# Sprint 1: Foundational Setup

## Task 1 (CIR-8): Load and Validate all Datasets

In [None]:
import pandas as pd
import numpy as np
import os
import logging

# Plots
import matplotlib.pyplot as plt
import seaborn as sns

In [None]:
# Set up logging
logging.basicConfig(
    level=logging.INFO,
    format='%(asctime)s - %(levelname)s - %(message)s',
    handlers=[
        logging.FileHandler("logs/CIR-8_data_logs.log"),
        logging.StreamHandler()
    ]
)

In [None]:
# CSVs Directory 
data_path = "../04_ANN/CSV/exports/split_set/without_multiple_rows"
all_files = os.listdir(data_path)

logging.info("++++++++++++++++++++++++++++++++++++++++++")
logging.info("Start Loading Dataframes.")

# Load CSVs into a dictionary of dataframes
dataframes = {}
for file in all_files:
    if file.endswith(".csv"):
        var_name = file.replace(".csv", "").replace("-", "_")
        logging.info(f"Loading... -> {file}")
        dataframes[var_name] = pd.read_csv(os.path.join(data_path, file)).astype('float32')

# Log loaded datasets
for var_name, df in dataframes.items():
    globals()[var_name] = df
    logging.info(f"{var_name} loaded successfully with shape {df.shape}")
logging.info("Load Complete.")
logging.info("++++++++++++++++++++++++++++++++++++++++++")

In [None]:
logging.info("++++++++++++++++++++++++++++++++++++++++++")
logging.info("Check Datatypes...")
for name, df in dataframes.items():
    logging.info(f"{name} types:\n{df.dtypes.value_counts()}")
logging.info("Check Complete.")
logging.info("++++++++++++++++++++++++++++++++++++++++++")

In [None]:
logging.info("++++++++++++++++++++++++++++++++++++++++++")
logging.info("Calculate missing values...")
for name, df in dataframes.items():
    missing_total = df.isnull().sum().sum()
    missing_cols = df.columns[df.isnull().any()].tolist()
    logging.info(f"{name}: {missing_total} missing values across {len(missing_cols)} columns")
logging.info("Missing values calculation complete.")
logging.info("++++++++++++++++++++++++++++++++++++++++++")

In [None]:
logging.info("++++++++++++++++++++++++++++++++++++++++++")
logging.info("Calculate unique values.")
for name, df in dataframes.items():
    if 'y_' in name:
        unique_vals = df.nunique()
        logging.info(f"{name} unique target values: {unique_vals.to_dict()}")

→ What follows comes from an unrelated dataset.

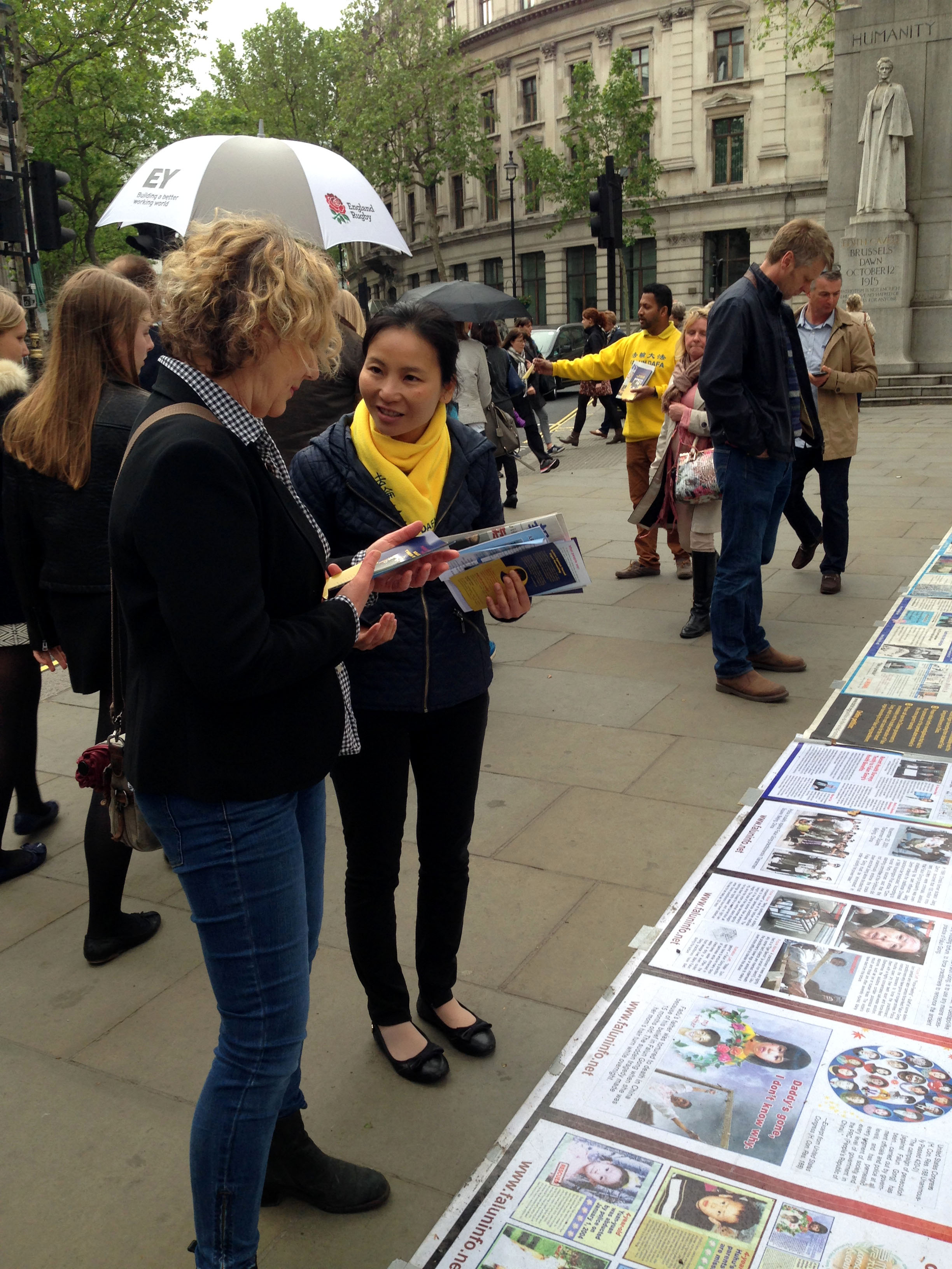 威尔士退休医生比迪(Pitt)女士周六这天来伦敦办事,路过圣马丁广场时遇到正在开展讲真相活动的法轮功学员,反活摘征签的展板吸引了她的目光。

logging.info("Unique values calculation complete.")
logging.info("++++++++++++++++++++++++++++++++++++++++++")

In [None]:
summary = []
for name, df in dataframes.items():
    missing_values = df.isnull().sum().sum()
    missing_cols = df.isnull().any().sum()
    total_cells = df.shape[0] * df.shape[1]
    summary.append({
        'Dataset': name,
        'Shape': df.shape,
        'Total Missing Values': missing_values,
        'Accross Missing Columns': missing_cols,
        'Missing %': 100 * missing_values / total_cells
    })

summary_df = pd.DataFrame(summary)
# Save to file
summary_df.to_csv("CSV/exports/01_dataset_summary.csv", index=False)

In [None]:
percent = 7

# Dictionary of datasets for iteration
datasets = {
    "o1_X_train": o1_X_train,
    "o2_X_train": o2_X_train,
    "o3_X_train": o3_X_train,
    "o4_X_train": o4_X_train
}

# Loop through each dataset
for name, df in datasets.items():
    missing_percentage_per_row = df.isnull().mean(axis=1) * 100
    missing_rows = (missing_percentage_per_row <= percent).sum()
    total_rows, total_columns = df.shape
    percent_between = (missing_rows * 100) / total_rows

    print(f"\nDataset: {name}")
    print(f"Total Rows: {total_rows}, Total Columns: {total_columns}")
    print(f"Number of rows with missing values up to {percent}%: {missing_rows}")
    print(f"The percentage between total and missing values sets is {percent_between:.2f}%")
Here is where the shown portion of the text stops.